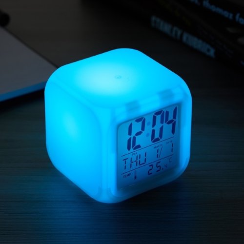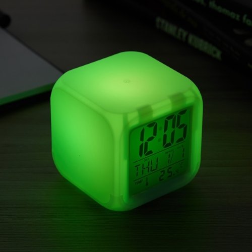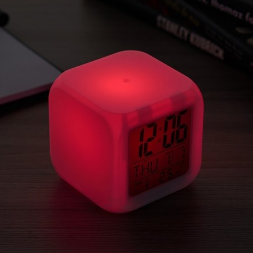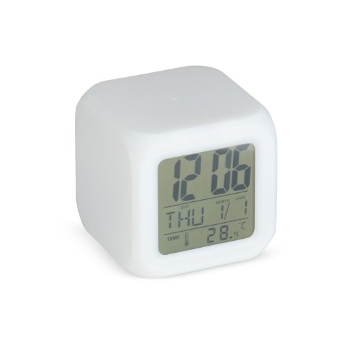 Formato cubo, com um display de led multifuncional com as funções de horas, data, temperatura .
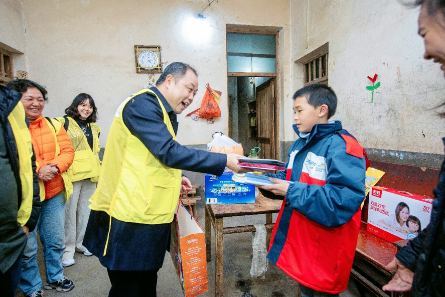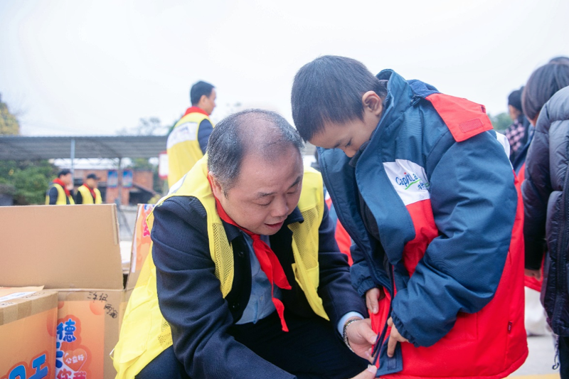 12月16日一早,在凯德希望基金的支持下,凯德广场·雨花亭联合场内爱心商户、合作伙伴代表,组成32人的志愿者团队,带着爱心物资和满满爱心,驱车前往300多公里外的永州市新田县苦志育才学校,开展了一场以“2021凯德为明天,爱善行温暖你我”为主题的公益行探访活动。在捐赠仪式现场,志愿者们给学校1-6年级的学生亲手派发了温暖棉衣、学习体育等用品,祝愿孩子们能在寒冬里健康成长,认真读书。
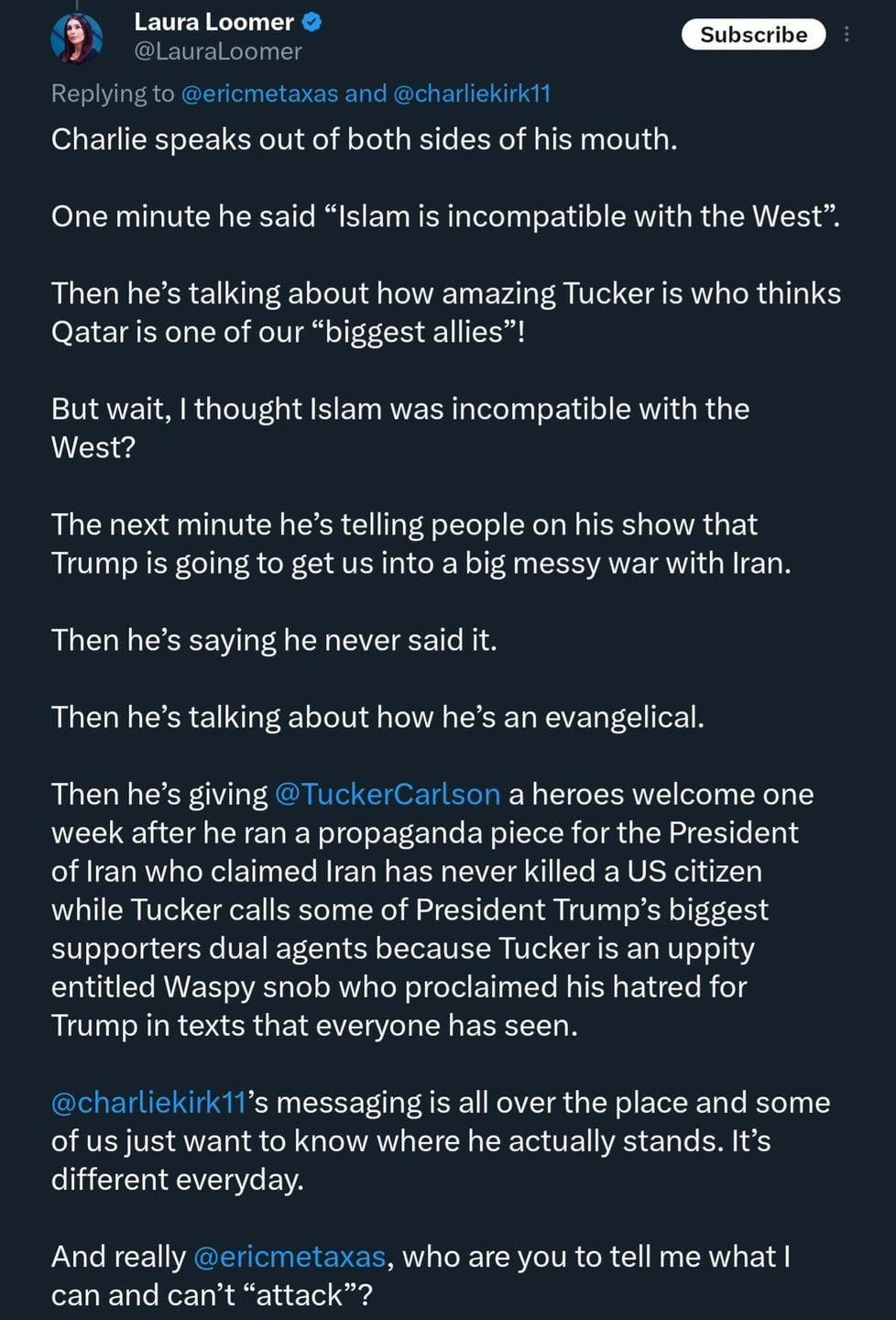 It's more likely that the shooter was someone who disagreed with Charlie Kirk than agreed with them. What makes more sense, murdering someone because you disagree with them and think they're full of hate or murdering them because you agree with their opinions but think they're not going far enough?
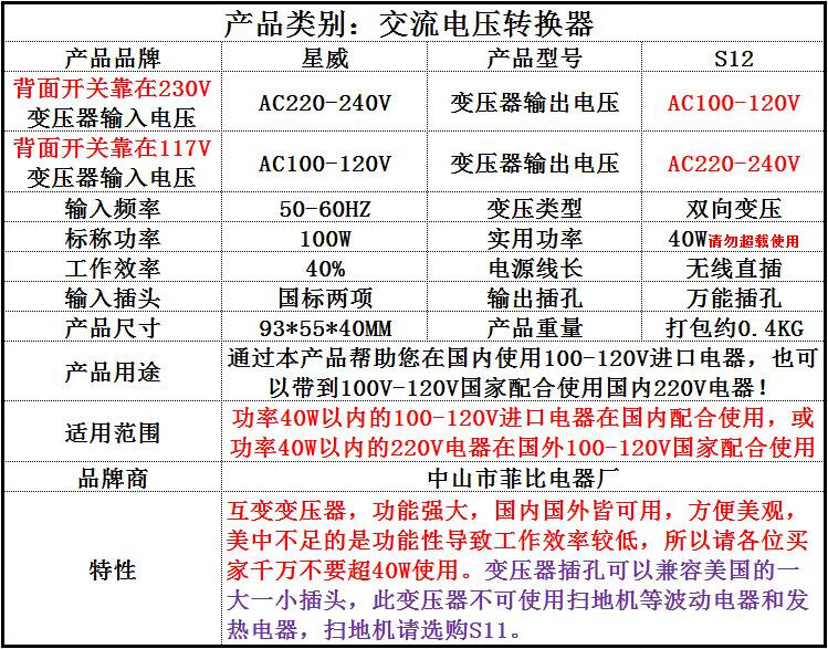 Power transformer Xingwei 220 to 110V bidirectional transformer high power 100W voltage converter
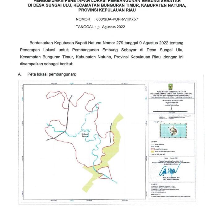 PENGUMUMAN PENATAPAN LOKASI PEMBANGUNAN EMBUNG SEBAYAR DI DESA SUNGAI ULU, KECAMATAN BUNGURAN TIMUR, KABUPATEN NATUNA
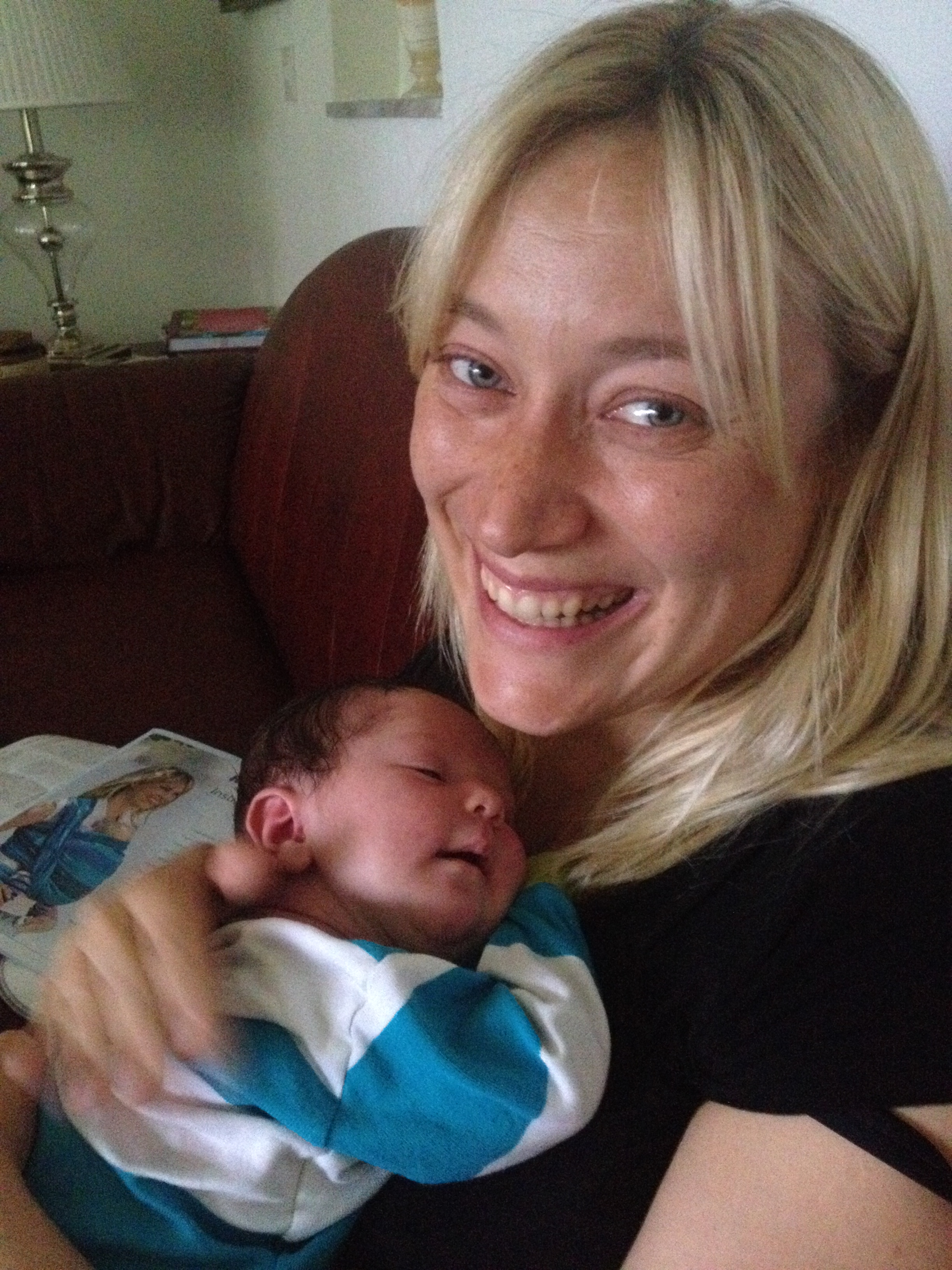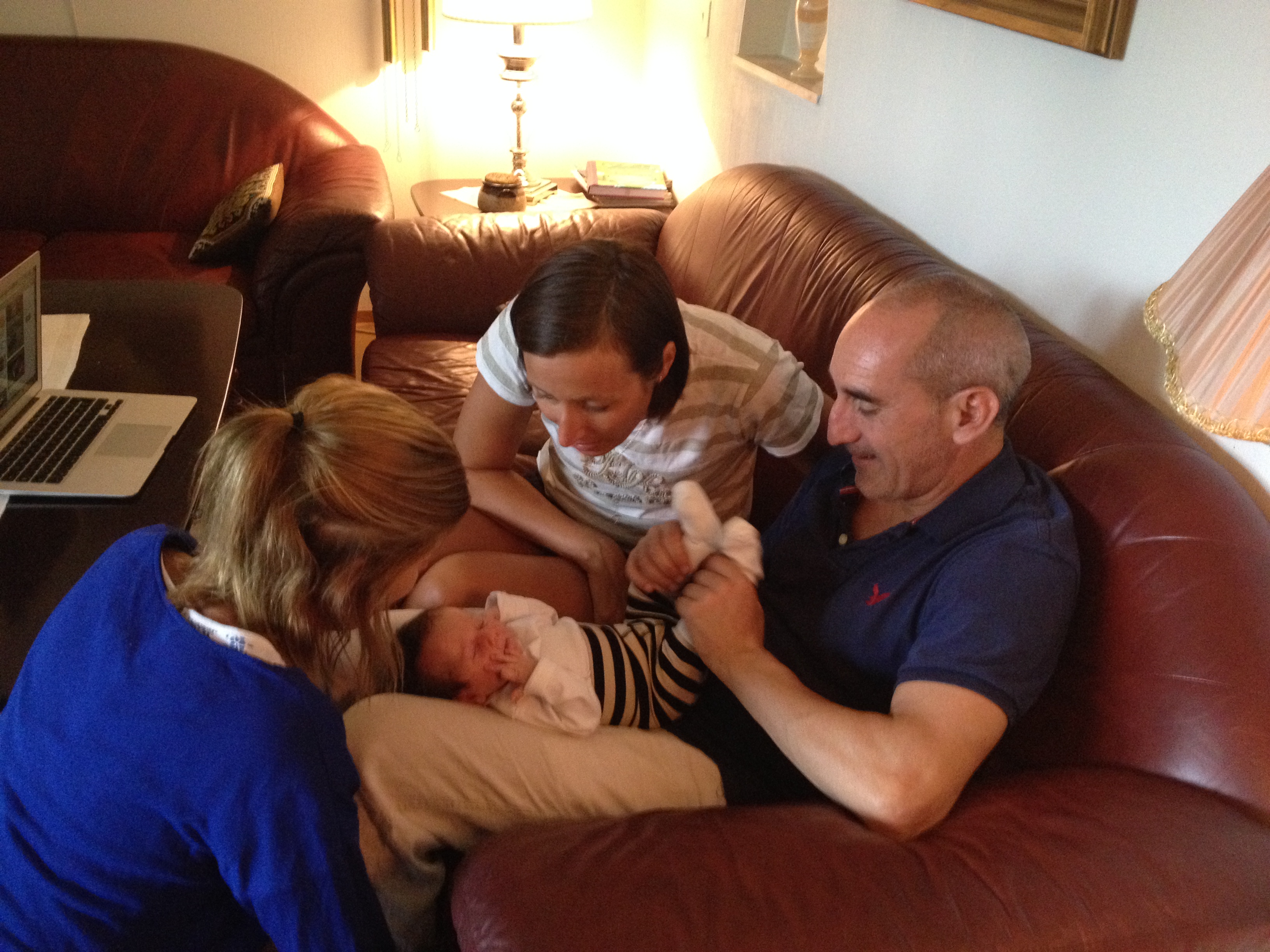 Bebisexperter på besök. Johanna och Åsa tillsammans med Edu och Juni.
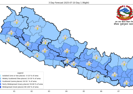 बागमती, गण्डकी, लुम्बिनी, कर्णाली र सुदूरपश्चिम प्रदेशमा भारी वर्षा हुने
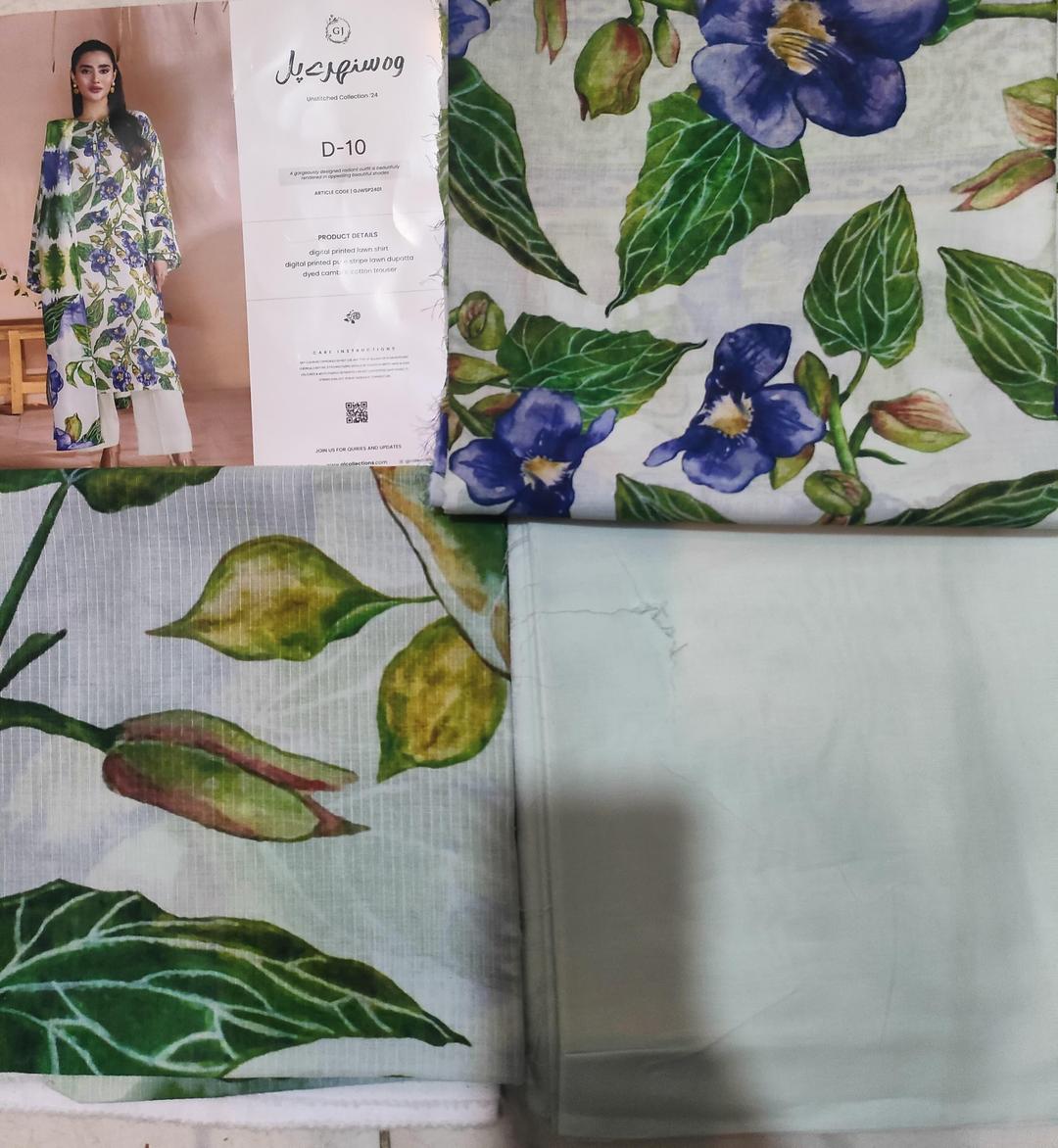 Add a refreshing touch to your wardrobe with this 3-piece unstitched printed lawn suit. Crafted from lightweight and breathable fabric, it features a printed lawn shirt and dupatta paired with a plain cotton trouser for a graceful summer look. Perfect for daily wear or casual outings, this ensemble combines comfort, style, and elegance effortlessly.
---
* [Exercise instructions]: Set down word for word the lines from the first entry through the line with "12月16日一早,在凯德希望", both included, omitting pictures.

* [Solved problem]:
 Formato cubo, com um display de led multifuncional com as funções de horas, data, temperatura .
 12月16日一早,在凯德希望基金的支持下,凯德广场·雨花亭联合场内爱心商户、合作伙伴代表,组成32人的志愿者团队,带着爱心物资和满满爱心,驱车前往300多公里外的永州市新田县苦志育才学校,开展了一场以“2021凯德为明天,爱善行温暖你我”为主题的公益行探访活动。在捐赠仪式现场,志愿者们给学校1-6年级的学生亲手派发了温暖棉衣、学习体育等用品,祝愿孩子们能在寒冬里健康成长,认真读书。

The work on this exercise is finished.